=== Required work ===
Could the lines from the start of the data through the line with "不銹鋼護(hù)線管具有重量" be set down exactly, with no pictures among them?

=== Stored data ===
******************************

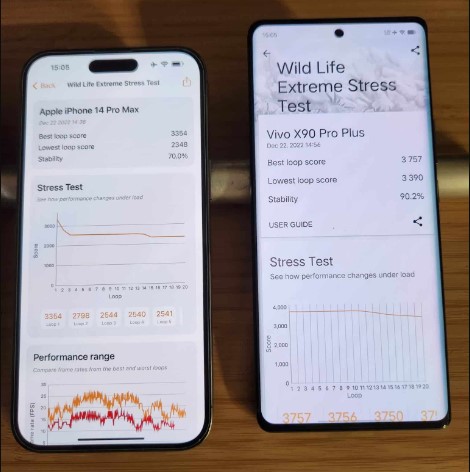 बेस्ट लूप तर्फको तुलनामा एक्स ९० प्रो प्लसले ३७५७ अंक प्राप्त गरेको थियो भने एप्पलको आईफोनले ३३५४ अंक प्राप्त गरेको बताइएको छ। उक्त तुलनामा एप्पलको लागि निराशाजनक पक्ष भनेको आईफोनको बेस्ट लूप एक्स ९० प्रो प्लसको लोएस्ट लूप (३३९० अंक) भन्दा पनि कम रहेको भनी उल्लेख गरिएको छ। साथै स्न्यापड्रागन ८ जेन २ को स्ट्याबिलिटी धेरै राम्रो भएको जुन आश्चार्यजनक विवरण नभएको भनि बताइएको छ।
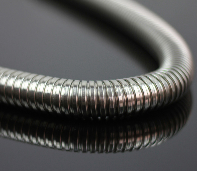 不銹鋼護(hù)線管具有重量輕、口徑一致性好,柔軟性、重復(fù)彎曲性、橈性好;耐腐蝕、耐高溫;
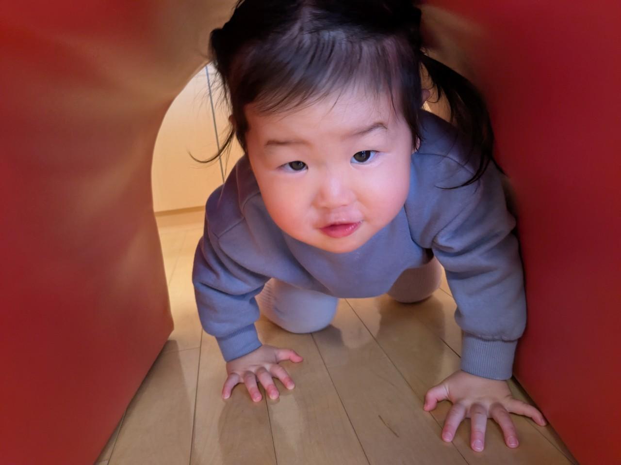 しっかり歩けるようになった後も、ハイハイは背筋や全身を使うちょうどいい遊びになるので、いろいろな方法で楽しんでいますよ🐤
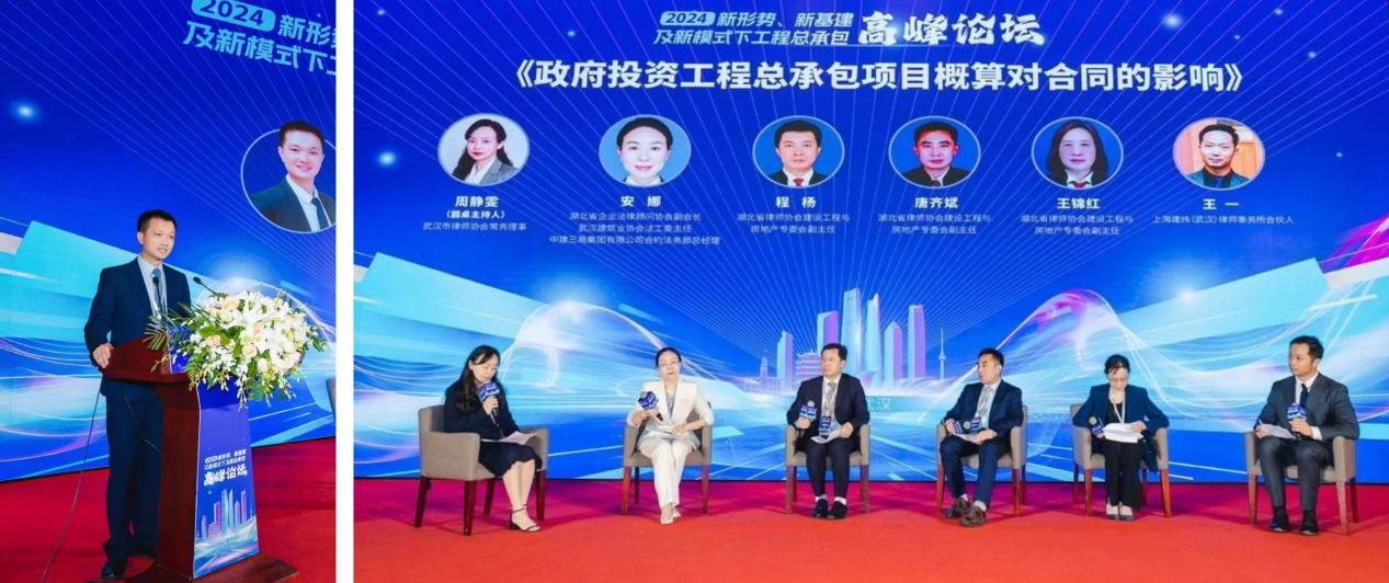 圆桌讨论环节由湖北省律师协会建设工程房地产专业委员会副主任雷明辉主持。第一场圆桌讨论围绕“政府投资工程总承包项目概算对合同的影响”展开,武汉市律师协会常务理事周静雯主持。湖北省律师协会建设工程与房地产专委会副主任程杨、唐齐斌、王锦红,武汉建筑业协会法工委主任、中建三局合约法务部总经理安娜,上海建纬(武汉)律师事务所合伙人王一作为研讨嘉宾展开讨论。

******************************

=== Output below ===
 बेस्ट लूप तर्फको तुलनामा एक्स ९० प्रो प्लसले ३७५७ अंक प्राप्त गरेको थियो भने एप्पलको आईफोनले ३३५४ अंक प्राप्त गरेको बताइएको छ। उक्त तुलनामा एप्पलको लागि निराशाजनक पक्ष भनेको आईफोनको बेस्ट लूप एक्स ९० प्रो प्लसको लोएस्ट लूप (३३९० अंक) भन्दा पनि कम रहेको भनी उल्लेख गरिएको छ। साथै स्न्यापड्रागन ८ जेन २ को स्ट्याबिलिटी धेरै राम्रो भएको जुन आश्चार्यजनक विवरण नभएको भनि बताइएको छ।
 不銹鋼護(hù)線管具有重量輕、口徑一致性好,柔軟性、重復(fù)彎曲性、橈性好;耐腐蝕、耐高溫;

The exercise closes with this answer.